SOURCE MATERIAL:
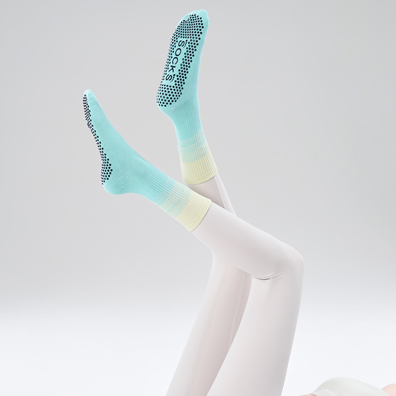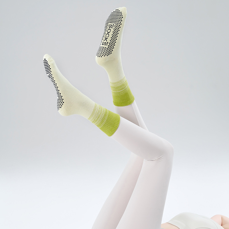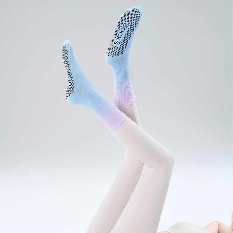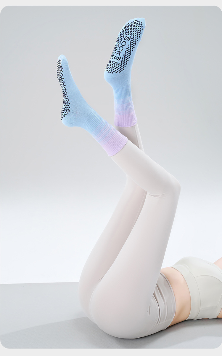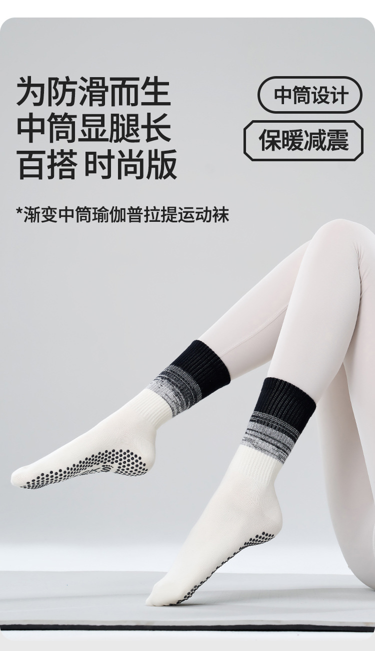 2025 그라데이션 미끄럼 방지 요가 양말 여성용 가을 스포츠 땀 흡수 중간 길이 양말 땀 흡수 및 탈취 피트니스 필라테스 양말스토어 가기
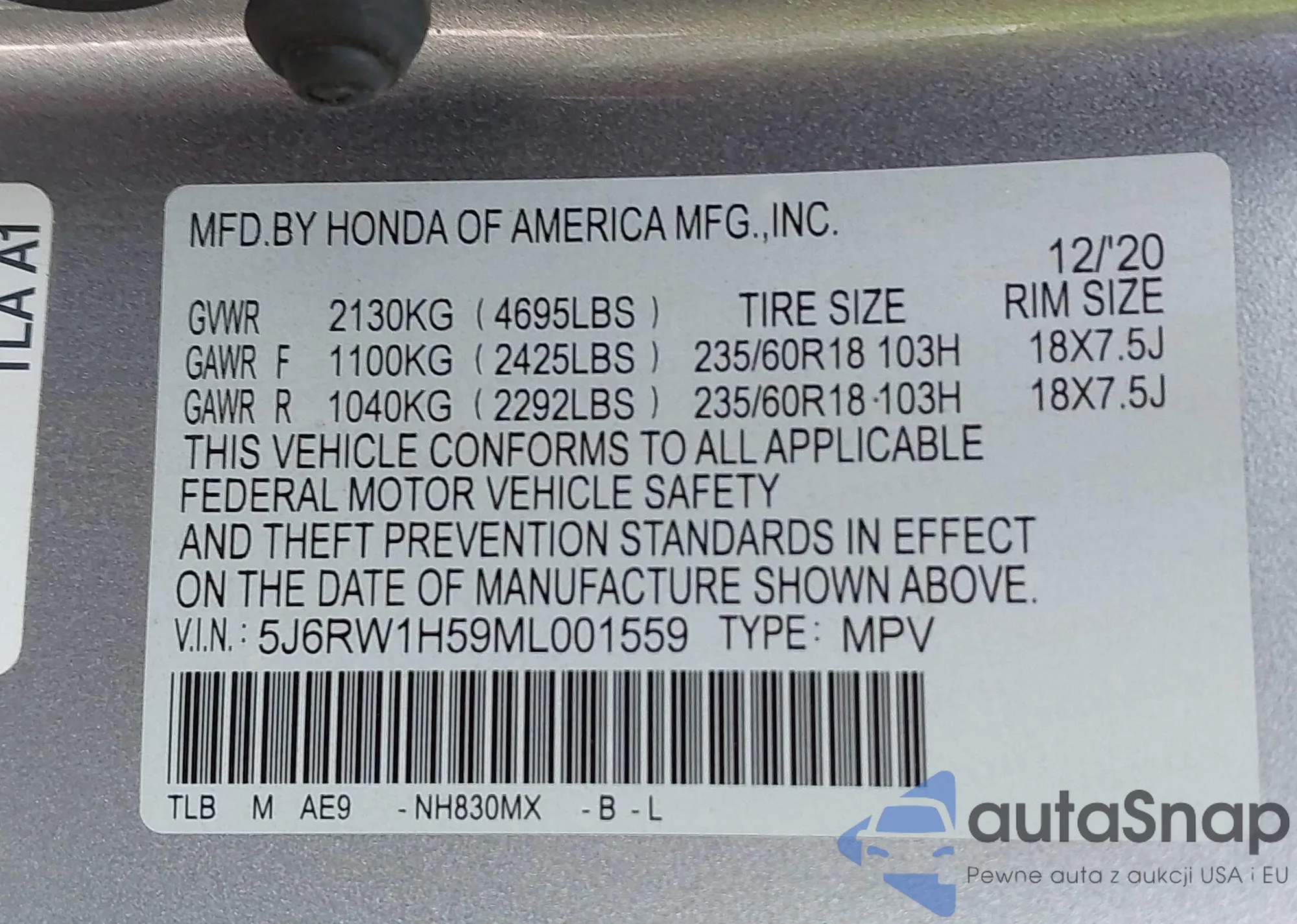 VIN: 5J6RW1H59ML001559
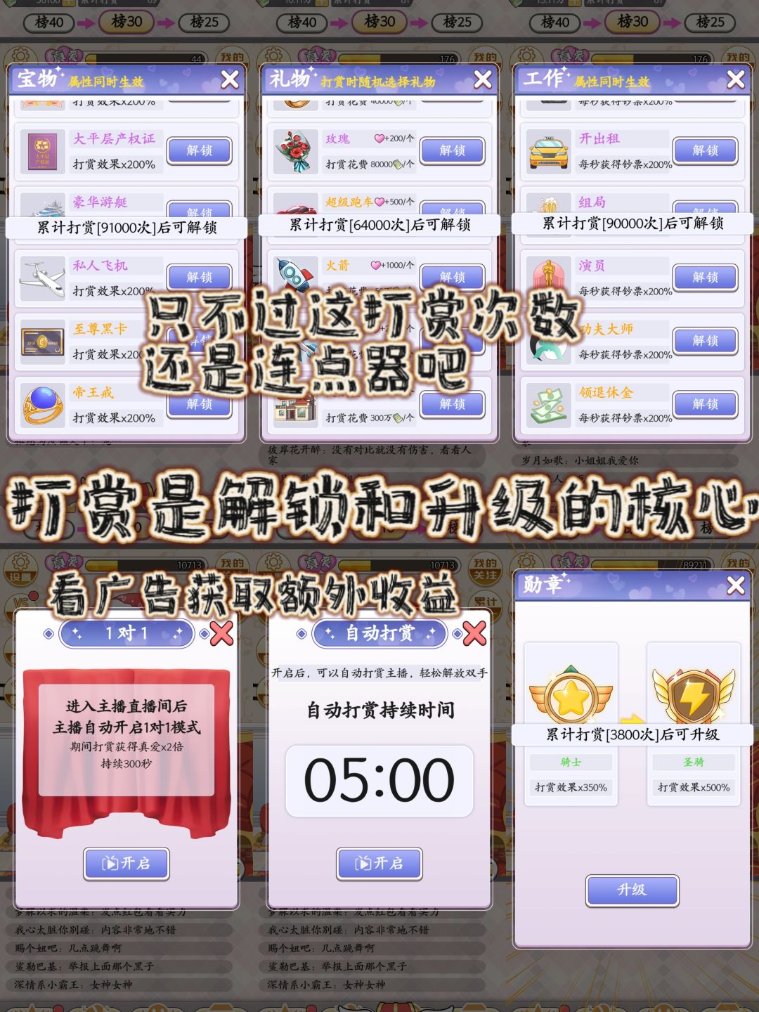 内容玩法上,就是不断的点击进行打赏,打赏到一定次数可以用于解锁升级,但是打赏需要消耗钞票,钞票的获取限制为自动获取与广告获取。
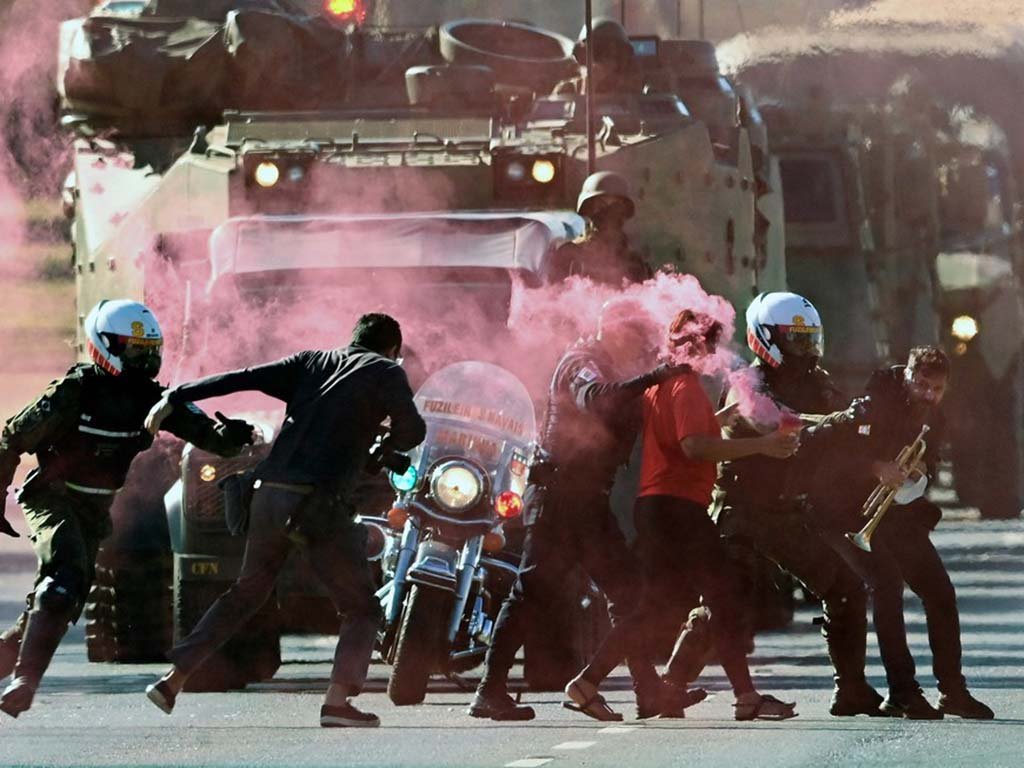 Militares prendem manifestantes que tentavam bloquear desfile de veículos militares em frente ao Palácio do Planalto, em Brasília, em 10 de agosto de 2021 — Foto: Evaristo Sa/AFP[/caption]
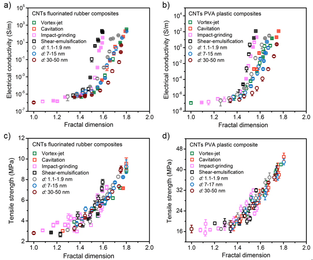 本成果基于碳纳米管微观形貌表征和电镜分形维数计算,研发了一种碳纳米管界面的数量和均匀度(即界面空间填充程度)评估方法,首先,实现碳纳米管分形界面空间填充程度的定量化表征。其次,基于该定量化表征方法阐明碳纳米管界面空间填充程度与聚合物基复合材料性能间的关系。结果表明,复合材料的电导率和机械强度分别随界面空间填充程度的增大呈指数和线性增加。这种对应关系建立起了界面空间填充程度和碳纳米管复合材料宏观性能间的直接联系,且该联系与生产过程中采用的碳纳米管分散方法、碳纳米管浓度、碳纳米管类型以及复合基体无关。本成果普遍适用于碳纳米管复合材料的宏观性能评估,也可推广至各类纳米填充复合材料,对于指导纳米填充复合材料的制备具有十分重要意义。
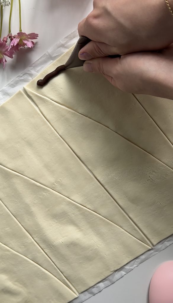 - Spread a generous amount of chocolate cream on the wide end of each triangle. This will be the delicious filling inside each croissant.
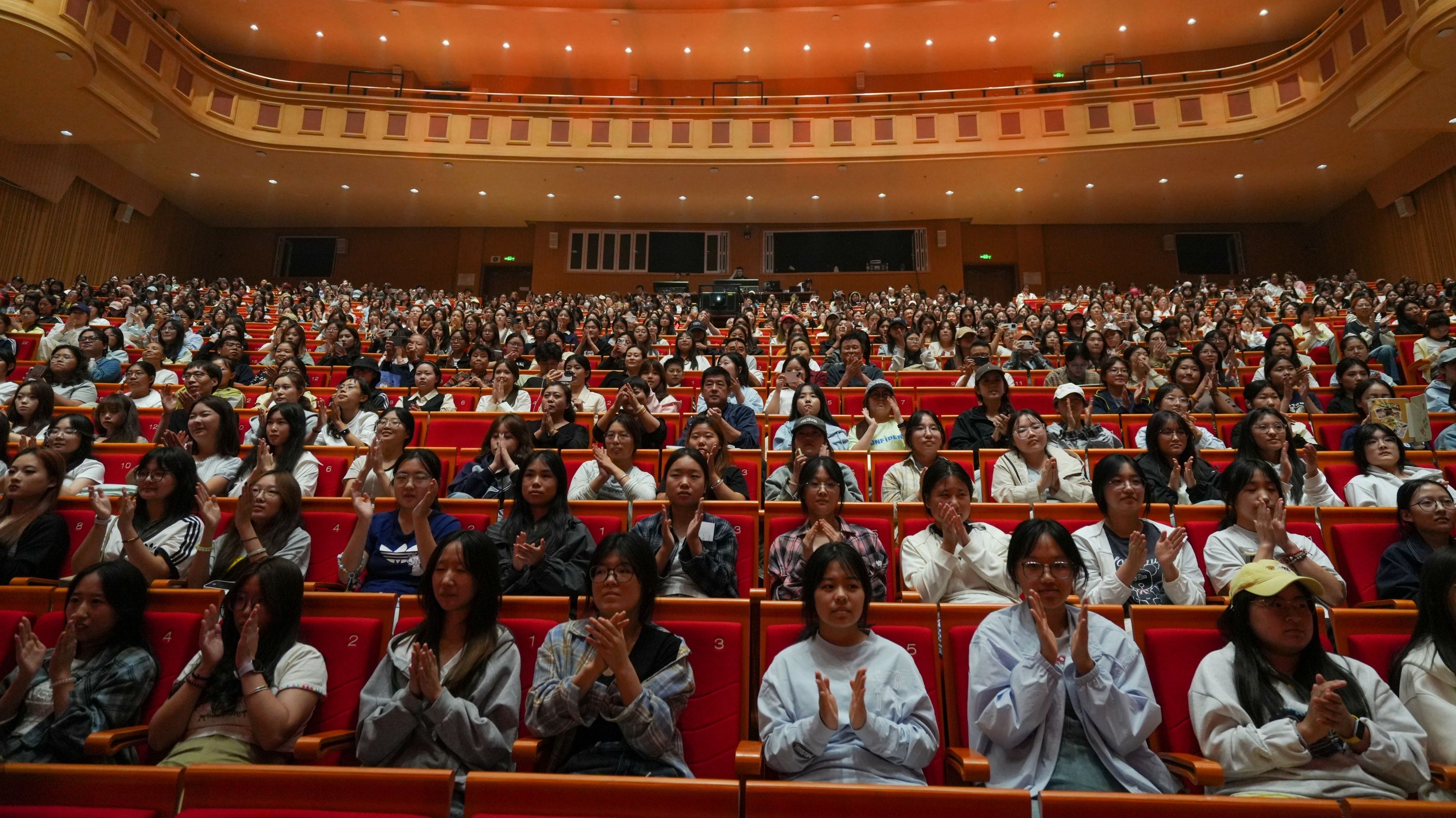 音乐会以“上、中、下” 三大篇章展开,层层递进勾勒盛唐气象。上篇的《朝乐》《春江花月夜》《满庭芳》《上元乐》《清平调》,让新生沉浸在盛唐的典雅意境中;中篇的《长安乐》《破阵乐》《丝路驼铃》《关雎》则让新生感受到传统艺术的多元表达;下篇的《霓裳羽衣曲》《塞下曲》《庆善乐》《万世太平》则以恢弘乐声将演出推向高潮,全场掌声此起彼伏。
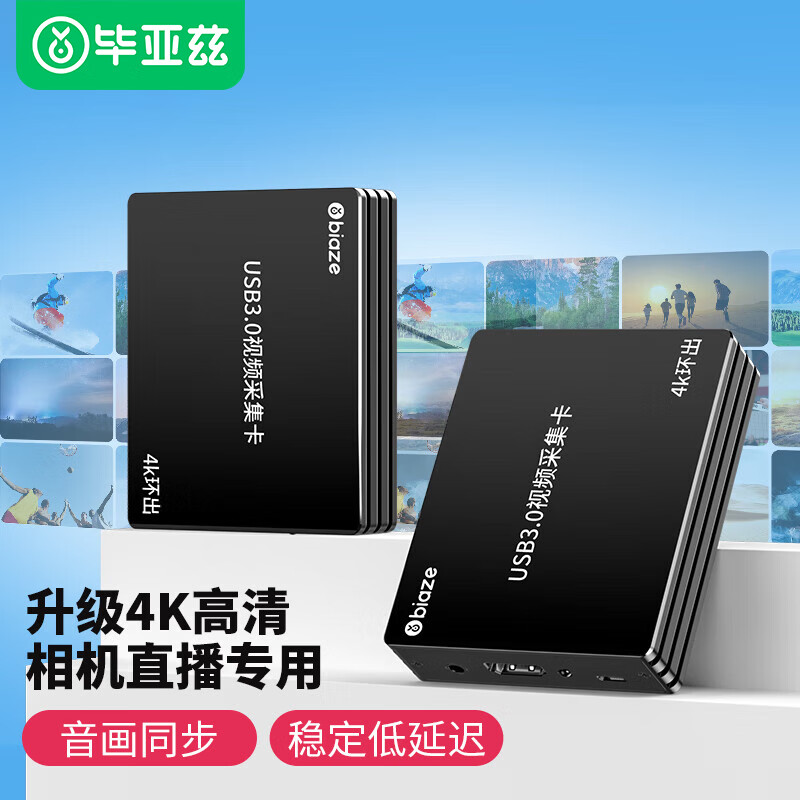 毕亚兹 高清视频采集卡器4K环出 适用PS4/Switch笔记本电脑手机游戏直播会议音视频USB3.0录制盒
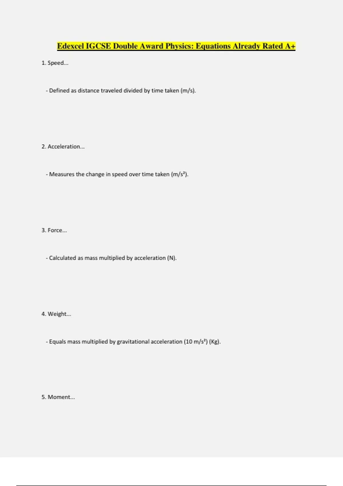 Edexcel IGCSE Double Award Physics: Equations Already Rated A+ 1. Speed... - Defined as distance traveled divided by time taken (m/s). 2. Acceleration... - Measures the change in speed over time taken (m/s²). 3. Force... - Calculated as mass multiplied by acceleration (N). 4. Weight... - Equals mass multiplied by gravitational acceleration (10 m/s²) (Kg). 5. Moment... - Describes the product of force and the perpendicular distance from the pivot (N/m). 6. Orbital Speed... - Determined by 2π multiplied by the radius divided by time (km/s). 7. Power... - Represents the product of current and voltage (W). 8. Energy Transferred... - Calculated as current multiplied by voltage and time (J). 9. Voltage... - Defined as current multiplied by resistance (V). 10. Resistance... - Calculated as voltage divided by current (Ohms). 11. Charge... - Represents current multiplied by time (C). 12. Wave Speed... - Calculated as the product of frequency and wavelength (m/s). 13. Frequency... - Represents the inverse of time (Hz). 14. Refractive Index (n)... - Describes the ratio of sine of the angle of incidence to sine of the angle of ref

TASK DIRECTIONS: Exact repetition is required for the lines from the first one in the listing through the one that holds "毕亚兹 高清视频采集卡器4K环出 适用PS4/Switch笔记本电脑手机游戏直播会议音视频USB3.0录制盒", and pictures are to be omitted.

SOLVED PROBLEM:
 2025 그라데이션 미끄럼 방지 요가 양말 여성용 가을 스포츠 땀 흡수 중간 길이 양말 땀 흡수 및 탈취 피트니스 필라테스 양말스토어 가기
 VIN: 5J6RW1H59ML001559
 内容玩法上,就是不断的点击进行打赏,打赏到一定次数可以用于解锁升级,但是打赏需要消耗钞票,钞票的获取限制为自动获取与广告获取。
 Militares prendem manifestantes que tentavam bloquear desfile de veículos militares em frente ao Palácio do Planalto, em Brasília, em 10 de agosto de 2021 — Foto: Evaristo Sa/AFP[/caption]
 本成果基于碳纳米管微观形貌表征和电镜分形维数计算,研发了一种碳纳米管界面的数量和均匀度(即界面空间填充程度)评估方法,首先,实现碳纳米管分形界面空间填充程度的定量化表征。其次,基于该定量化表征方法阐明碳纳米管界面空间填充程度与聚合物基复合材料性能间的关系。结果表明,复合材料的电导率和机械强度分别随界面空间填充程度的增大呈指数和线性增加。这种对应关系建立起了界面空间填充程度和碳纳米管复合材料宏观性能间的直接联系,且该联系与生产过程中采用的碳纳米管分散方法、碳纳米管浓度、碳纳米管类型以及复合基体无关。本成果普遍适用于碳纳米管复合材料的宏观性能评估,也可推广至各类纳米填充复合材料,对于指导纳米填充复合材料的制备具有十分重要意义。
 - Spread a generous amount of chocolate cream on the wide end of each triangle. This will be the delicious filling inside each croissant.
 音乐会以“上、中、下” 三大篇章展开,层层递进勾勒盛唐气象。上篇的《朝乐》《春江花月夜》《满庭芳》《上元乐》《清平调》,让新生沉浸在盛唐的典雅意境中;中篇的《长安乐》《破阵乐》《丝路驼铃》《关雎》则让新生感受到传统艺术的多元表达;下篇的《霓裳羽衣曲》《塞下曲》《庆善乐》《万世太平》则以恢弘乐声将演出推向高潮,全场掌声此起彼伏。
 毕亚兹 高清视频采集卡器4K环出 适用PS4/Switch笔记本电脑手机游戏直播会议音视频USB3.0录制盒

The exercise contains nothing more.